# **Videos Transcription and Translation with Faster Whisper and ChatGPT**


[![notebook shield](https://img.shields.io/static/v1?label=&message=Notebook&color=blue&style=for-the-badge&logo=googlecolab&link=https://colab.research.google.com/github/lewangdev/autotranslate/blob/main/autotranslate.ipynb)](https://colab.research.google.com/github/lewangdev/autotranslate/blob/main/autotranslate.ipynb)
[![repository shield](https://img.shields.io/static/v1?label=&message=Repository&color=blue&style=for-the-badge&logo=github&link=https://github.com/lewangdev/autotranslate)](https://github.com/lewangdev/autotranslate)

This Notebook will guide you through the transcription and translation of video using [Faster Whisper](https://github.com/guillaumekln/faster-whisper) and ChatGPT. You'll be able to explore most inference parameters or use the Notebook as-is to store the transcript, translation and video audio in your Google Drive.

In [None]:
#@markdown # **Check GPU type** 🕵️

#@markdown The type of GPU you get assigned in your Colab session defined the speed at which the video will be transcribed.
#@markdown The higher the number of floating point operations per second (FLOPS), the faster the transcription.
#@markdown But even the least powerful GPU available in Colab is able to run any Whisper model.
#@markdown Make sure you've selected `GPU` as hardware accelerator for the Notebook (Runtime &rarr; Change runtime type &rarr; Hardware accelerator).

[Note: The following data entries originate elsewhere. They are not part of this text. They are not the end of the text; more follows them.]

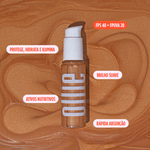 Nosso Glow Corporal é um óleo iluminador corporal, com FPS 40 e FPUVA 20 que além de proteger a pele dos raios solares, hidrata, deixando-a com aspecto saudável, iluminado e com viço.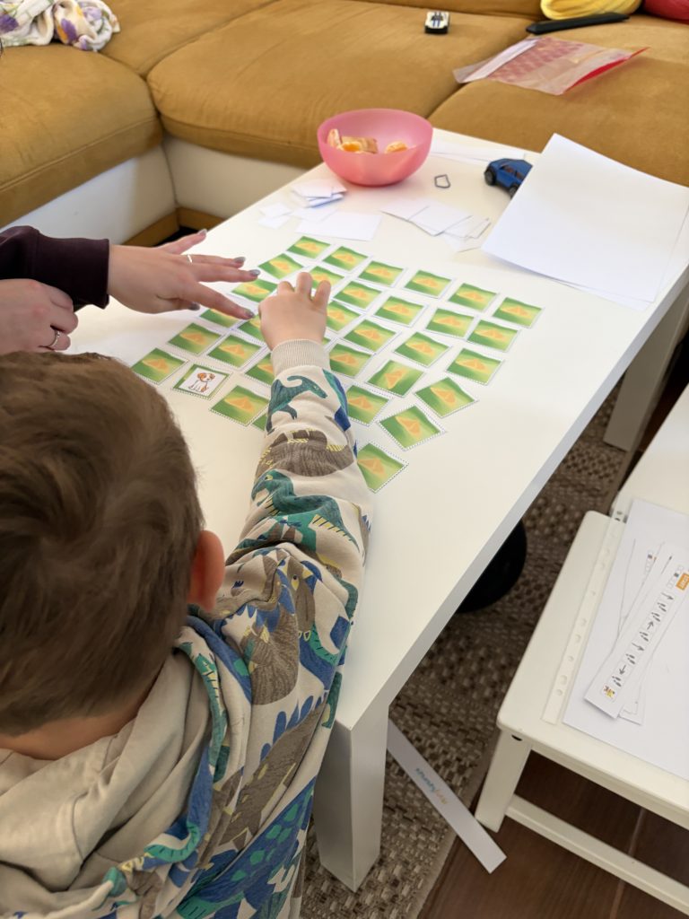 - Az első a klasszikus játékmenet volt, amikor a gyereknek kellett a kapott kódsor alapján megtalálni, hogy melyik kártya alatt rejtőzhet a csont. Vagy ha több csont is van, akkor sorban végig kellett menni a megfelelő mezőkön.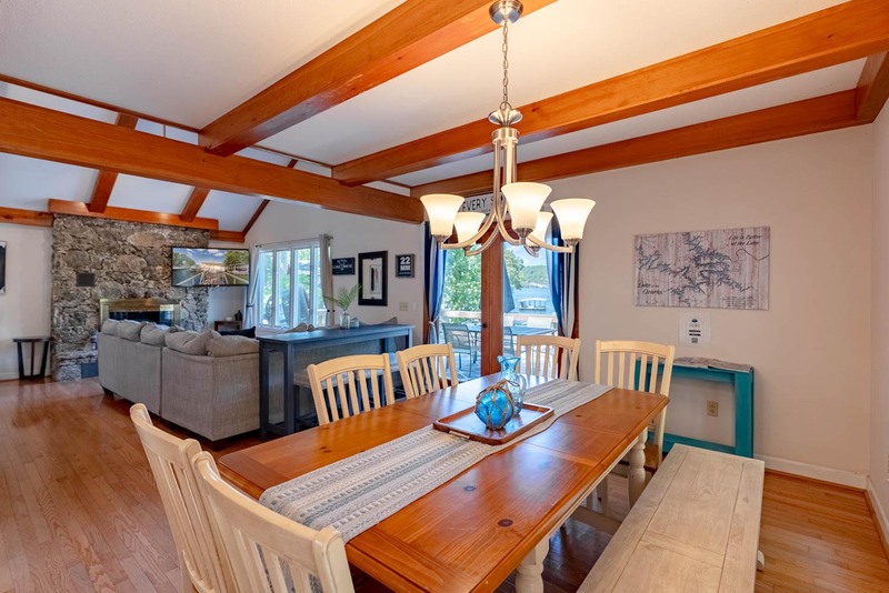 As you step into this charming 4-bedroom, 3-bathroom lakefront retreat, you'll feel an instant sense of relaxation. The open-concept living space greets you with stunning views of the lake, a perfect backdrop for cozy mornings with coffee or late-night chats around the fire. With sleeping accommodations for up to 12, there's room for everyone—whether you're planning a quiet family retreat or a weekend with friends.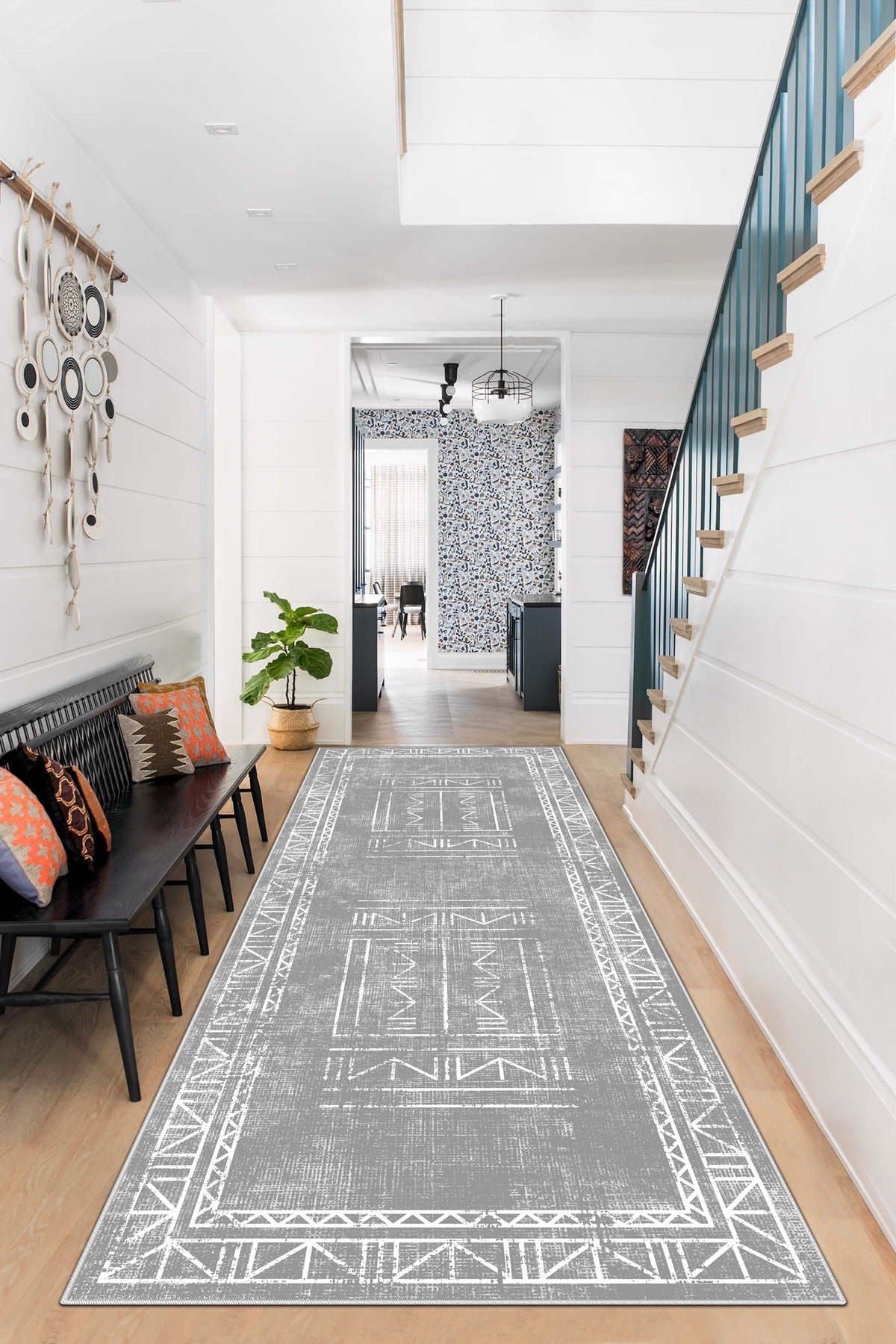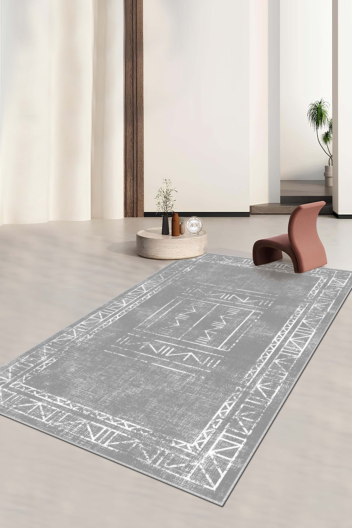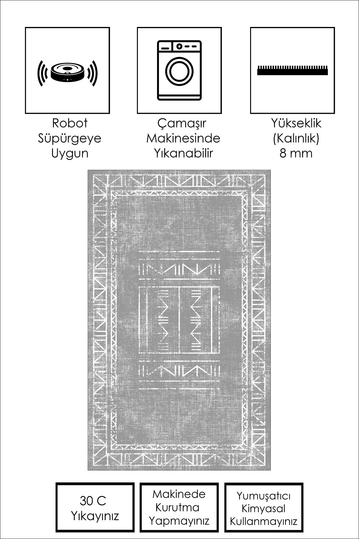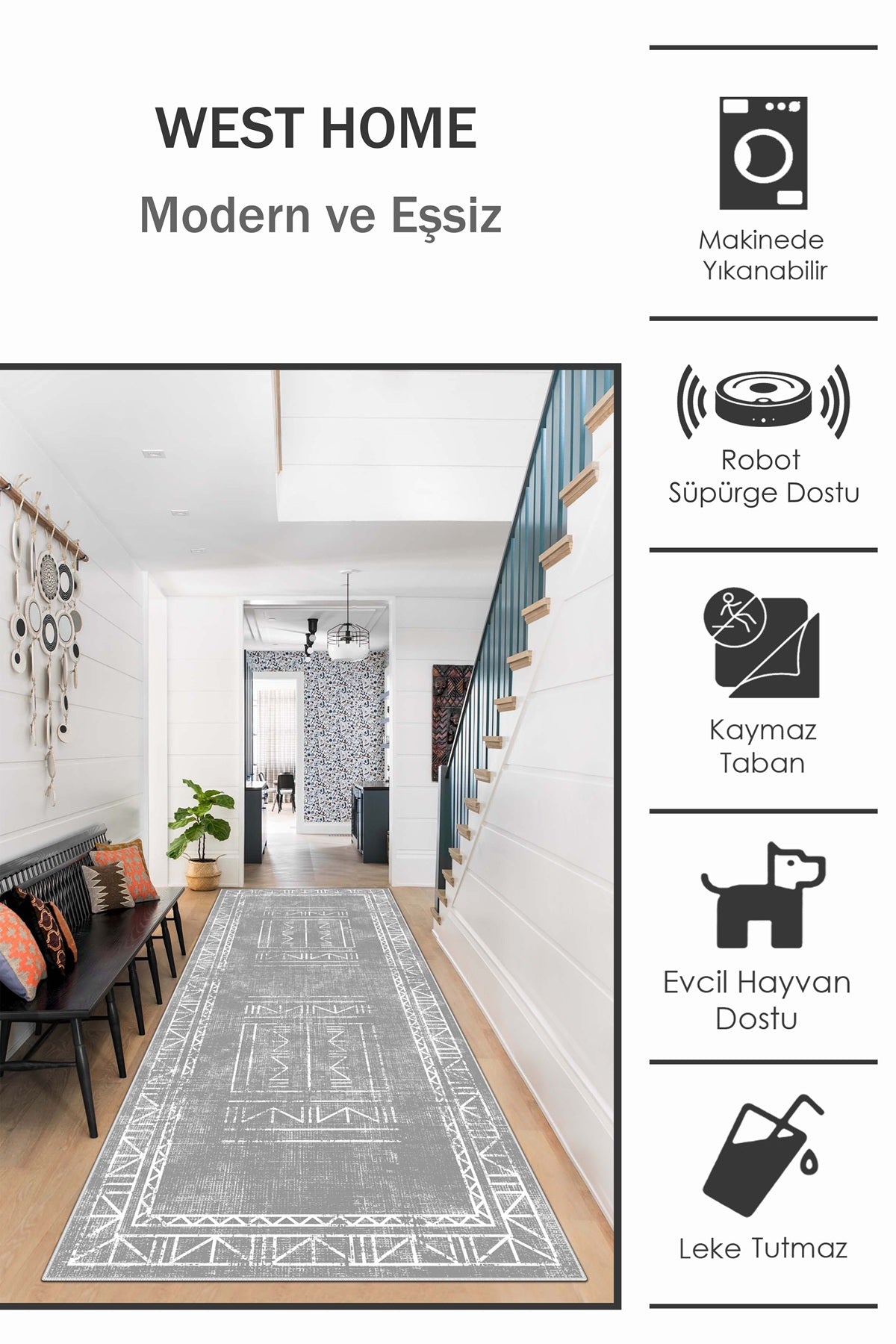 West Home Dijital Baskılı Yıkanabilir Kaymaz Taban Salon, Mutfak ve Yolluk Halısı-445 Grey

#@markdown |  GPU   |  GPU RAM   | FP32 teraFLOPS |     Availability   |
#@markdown |:------:|:----------:|:--------------:|:------------------:|
#@markdown |  T4    |    16 GB   |       8.1      |         Free       |
#@markdown | P100   |    16 GB   |      10.6      |      Colab Pro     |
#@markdown | V100   |    16 GB   |      15.7      |  Colab Pro (Rare)  |

#@markdown ---
#@markdown **Factory reset your Notebook's runtime if you want to get assigned a new GPU.**

!nvidia-smi -L

!nvidia-smi

In [None]:
#@markdown # **Install libraries** 🏗️
#@markdown This cell will take a little while to download several libraries.

#@markdown ---
! pip install faster-whisper==0.10.0
! pip install yt-dlp==2023.11.16
! pip install openai==0.28.1

# Windows Libs：https://github.com/Purfview/whisper-standalone-win/releases/download/libs/cuBLAS.and.cuDNN_win_v2.7z
! apt install -y p7zip-full p7zip-rar
! wget https://github.com/Purfview/whisper-standalone-win/releases/download/libs/cuBLAS.and.cuDNN_linux_v2.7z
! 7z x cuBLAS.and.cuDNN_linux_v2.7z -o/usr/lib



In [None]:
#@markdown # **Import libraries for Python** 🐍

#@markdown This cell will import all libraries for python code.
import sys
import warnings
from faster_whisper import WhisperModel
from pathlib import Path
import yt_dlp
import subprocess
import torch
import shutil
import numpy as np
from IPython.display import display, Markdown, YouTubeVideo

device = torch.device('cuda:0')
print('Using device:', device, file=sys.stderr)

In [None]:
#@markdown # **Optional:** Save data in Google Drive 💾
#@markdown Enter a Google Drive path and run this cell if you want to store the results inside Google Drive.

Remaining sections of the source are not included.